Oct 15, 2005 22:41
sooooo, like many a time before, i had sortof decided that i was abandoning the whole lj thing, but never got around to making that final step to delete my account. and then between august 3rd and now all this shit went down in my life, and i evaporated from the lj scene once again. tonight i decided to read what was going on in my friends lives, and so, only because this thing keeps me up to date with all you people who post regularly, ima keep lj for now. so, now that i know that sarah has a dumb teacher and an awesome radio show, jamie is timesharing it up and having affairs with adrian, chelsea is moving around as much as i am, kari is surviving finals at school, bahareh got internet at davis, chrissy hates mr. carter (lol, me too sista!), nikki is of course doing mahvelously at viscom, and john will soon be designing adobe products rather than using them, i'll fill you all in on the past two and a half months, as briefly as possible:
aug. 3rd: came home from 3 hellish weeks at camp as program director, mom told me that i couldn't go back to saic and chicago because she wouldn't sign on my student loans. i called nikki and mary and told them that i wasn't coming back, called kim and got her to take my place in the apartment there with them.
aug. 18th: started classes at Vista Community College in Berkeley, after taking horrible math placement tests and freaking out about how i was going to get the 60 transferable credits i need to go to a uc or a csu, in two semesters, after finding out that uc will only accept around 12 of the 30 no-grade credits i earned at saic last year.
sept. 1-5th: visited nikki, mary and kim in chicago. packed up all my stuff that i had left there over the summer, visited my old job that i had been planning to return to. nikki and i had a nice time together, but mary was wrapped up in her boyfriend, and kim was basically rude to me the whole time, constantly referring to the fact that i didn't live there, she did, which i wasn't expecting and really upset me. highs point were having ice cream with leda and colette, some other friends of mine from school there, and taking nikki to the doctors(lol), other than that, i felt pretty shitty because it all just felt so fucked up, like something that's just not supposed to be happening.
sept.10th: moved into a 115 year old victorian house in yuppie north berkeley with william and erik.
sept. 23rd: erik told me that these three 30-something-yrold homeless hippie friends of his from eureka were coming down for the greatful dead show in S.F. that weekend and that they were going to stay with us for a night or two. they ended up staying for a week, and used our kitchen to make a thousand dollars worth of pot chocolates that they sell to support themselves and the van they live out of. erik and i got into a huge fight, william and i made plans to break our lease and move because erik does wayyy too many drugs.

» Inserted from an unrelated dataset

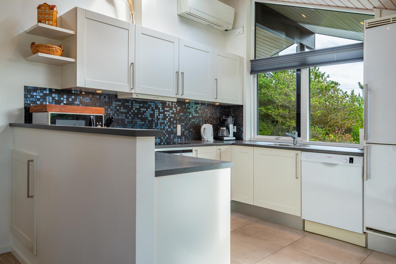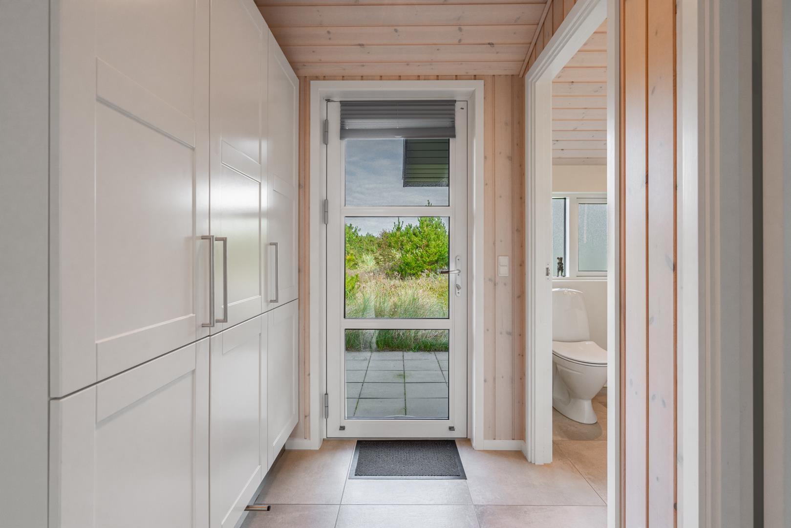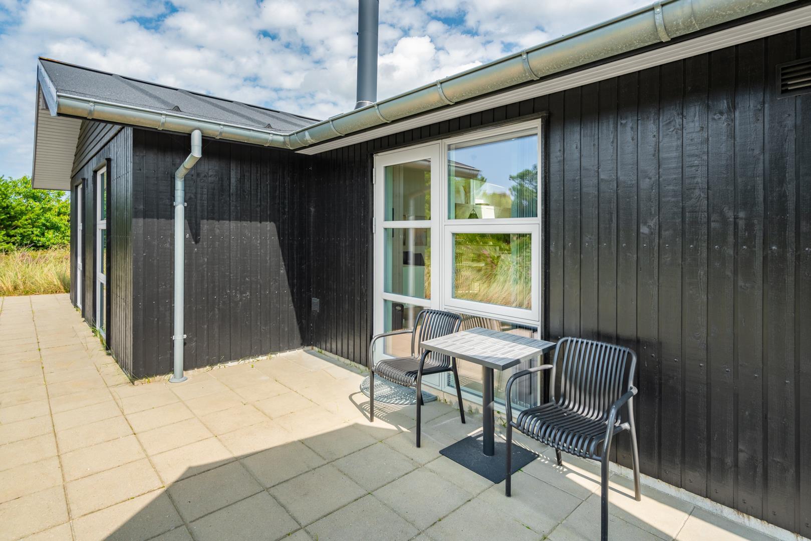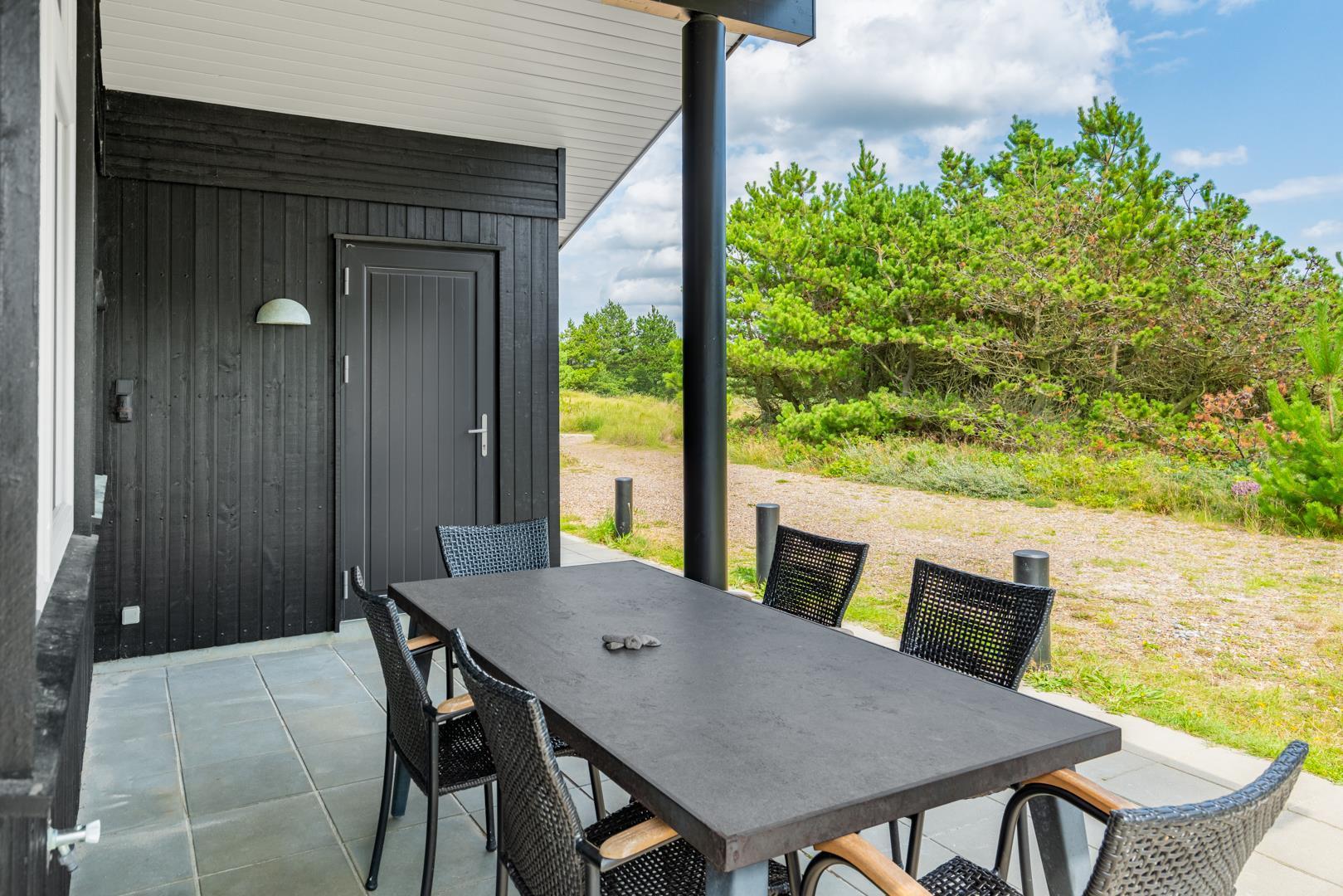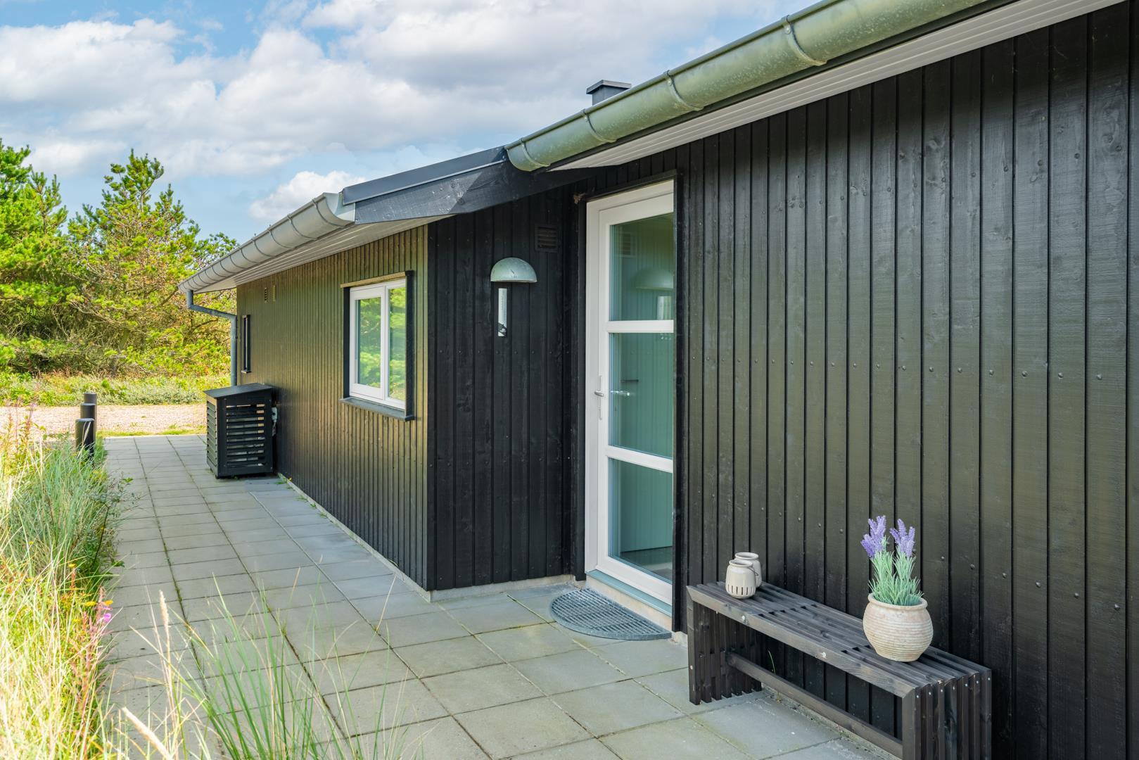 Udendørs kan I nyde to delvist overdækkede terrasser på i alt 100 m2 med havemøbler, liggestole og grill. Børnene kan lege i legehuset med rutchebane, og der er gode læforhold på den store naturgrund. Huset ligger kun 700 meter fra Vesterhavet og 900 meter fra Henne Strands indkøb og restauranter, hvilket gør det til et ideelt udgangspunkt for en afslappende ferie ved kysten.

oct. 2nd: moved back home. mom told me that she wants me to live at home for the rest of the semester because moving is too disruptive for my studies (i'm taking 20 credits this sems.)
oct. 13th: william and i found the perfect apartment, which is, of course available now. so now i have to try and talk my mom into letting me move again, if everything were to work out.
today: dave and i had a pseudo fight(one where he bitches about me to mom within my earshot, but refuses to actually say anything to my face), so that pissed me off. i just can't seem to settle anywhere comfortably. probably because i feel like i shouldn't be here right now, and i don't know where i want to be, considering my friends, my education, my vague career goals, my life path, blah blah blah.
sooo, i guess you could say, i've gone from being super angsty and just plain angry and frustrated to stressed out into submission and numbness. i've never been one to stay angry for long periods of time, but i still just feel lost and like i'm constantly grasping for things that are just out of reach.
so most of you know that i just use this thing to vent, etc., so i give no guarantees of becoming a regular post-er or anything liek that, but i'll try and keep up with your posts, just so i know what's going on with each of you.